Der wichtigste Bestandteil – der Aspekt der den Erofg oder Misserfolg des Filmes entscheiden würde – war natürlich die Darstellung der Dinosaurier. Spielberg wollte ausdrücklich keine Monsterklischees einbauen und gab seinem Kreativteam die Aufgabe, die Dinos so realistisch wie möglich zu kreieren, denn nur so konnte man ein verwöhntes Publikum mit etwas noch nie da gewesenem beeindrucken. Für die Konzeption der prähistorischen Kolosse orientierte man sich also an Tiere und beobachtete in genauestem deren Bewegungsabläufe. Für die spätere Vertonung wurden ebenfalls Tierlaute gemixt. So entstand beispielsweise das laute Kreischen der Raptoren aus einer Mischung von Delfin und Walross, das Gebrüll des T-Rex‘ aus einem Mix aus Elefanten-, Alligatoren-, Pinguin-, Tiger- und Hundegeräusche.

Wie sollten die Tiere aber schliesslich im fertigen Film dargestellt werden? Der erste Gedanke fiel natürlich auf die Go-Motion Technologie, die unzählige Fantasyfilme der 80er Jahre geprägt hatte. Doch Spielberg gefielen die ruckartigen Bewegungen nicht und auch die Tatsache, dass die Kamera bei diesem Verfahren weniger dynamisch eingesetzt werden konnte. Die naheliegende Idee wurde als (zum Glück) schnell wieder verworfen und man wendete sich ambitionierteren Methoden zu. Spielberg wollte zu Beginn alle Dinosaurier als Roboter in Originalgrösse erstellen lassen, doch musste dieses Unterfangen aus finanziellen und auch technologischen Gründen nochmals durchdacht werden, weshalb er sich dann für eine Kombination aus Robotern und Spezialeffekten entschied. ILM hatte während der Entwicklungsjahre von "Jurassic Park" gerade in den James Cameron Filmen "T2" und früher "The Abyss" eindrücklich bewiesen, dass sie die visuellen Effekte bestens beherrschten. Da dauerte es natürlich nicht lange bis Spielberg davon Wind bekam und die von George Lucas gegründete Firma für seinen Film anheuerte. Zusätzlich musste noch jemand für die mechanisierten Figuren her, und das war kein geringerer als Stan Winston, welcher schon in "Aliens" mit der Kreation der Alien-Queen sein Können unter Beweis gestellt hatte und mit "Jurassic Park" sein ehrgeizigsts Werk anging.

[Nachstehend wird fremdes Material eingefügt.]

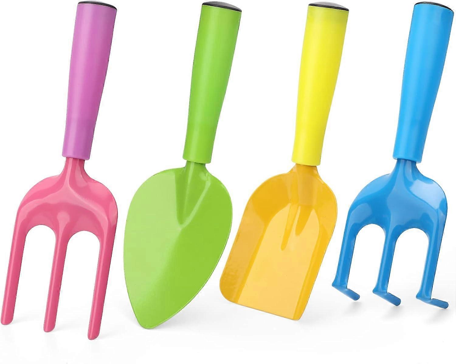 About this item Bright Colors - 4 pieces of 8" shovel set, specially designed for children to grasp the handle, macaron color can better attract the attention of children, so that they will devote themselves to play and concentrate more. Multiple Use - Suits for outdoor play, shoveling sand, loosening soil, digging the shells, cleaning the fallen leaves in the courtyard. Get away from the electronic things, let children get more close to the nature. Sturdy Tool Set - Environmental friendly ABS material plus solid iron and spray paint, smooth edges and handles, non-toxic and odorless, will not cut children's hands, adults and children can play it with great joy. Explore While Playing - Using this set to make sand, snow shoveling more fun, explore the mysteries of flowering and fruiting in play, cultivate children's hands-on ability. A must-have helper for little gardeners and little architects. Supervalue Combination - Our set includes rake, shovel, hoe, spade, non-slip design, easy to carry. Beach tool for building castles, suitable for children over 3 years old, explore new ways of digging, accompany your babies growth. NOTICE: CHOKING HAZARDS SMALL PARTS, NOT FOR CHILDREN UNDER 3 YEARS OLD.

Die Vorbereitungen dauerten ganze zwei Jahre ehe es im August 1992 auf der hawaiianischen Insel Kauai, die als Isla Nublar dem fiktiven Standort von "Jurassic Park" dienen sollte, mit den Dreharbeiten losgehen konnte. Zu den wichtigsten vor Ort gebauten Kulissen gehörten das Besucherzentrum, das Raptor-Gehege und der Elektrozaun. Zudem mussten auch noch die Tourfahrzeuge für die Dreharbeiten auf der Insel vorbereitet werden. Für die Umbauten wurden Ford Explorer genommen die nach ihrer Fertigstellung vom Kofferraum aus ferngesteuert werden konnten. Die erste und zugleich auch wichtigste auf Hawai‘i gefilmte Szene war sicherlich die mit dem kranken Triceratops, der extra auf Kauai eingeflogen wurde. Zum einen wurde zum ersten Mal ein animatronischer Dinosaurier für Aussenaufnahmen benutzt und zum anderen war das für Stan Winston’s Team der erste Test ihrer Arbeit der, wie man am Endresultat sehen kann, mit Erfolg verlief.

Am Ende der dreiwöchigen Dreharbeiten auf Kauai sollte es mit dem Hurrikan Iniki eine böse Überraschung für Spielbergs Drehteam geben, das durch die Verwüstungen einen Drehtag verlor. Die resltichen Szenen, die den Grossteil des Filmes sein sollten, wurden in den Universal und Warner Brothers Studios gedreht. Dazu gehörte auch die Szene in der ein gewisser T-Rex sein Debüt feiern sollte.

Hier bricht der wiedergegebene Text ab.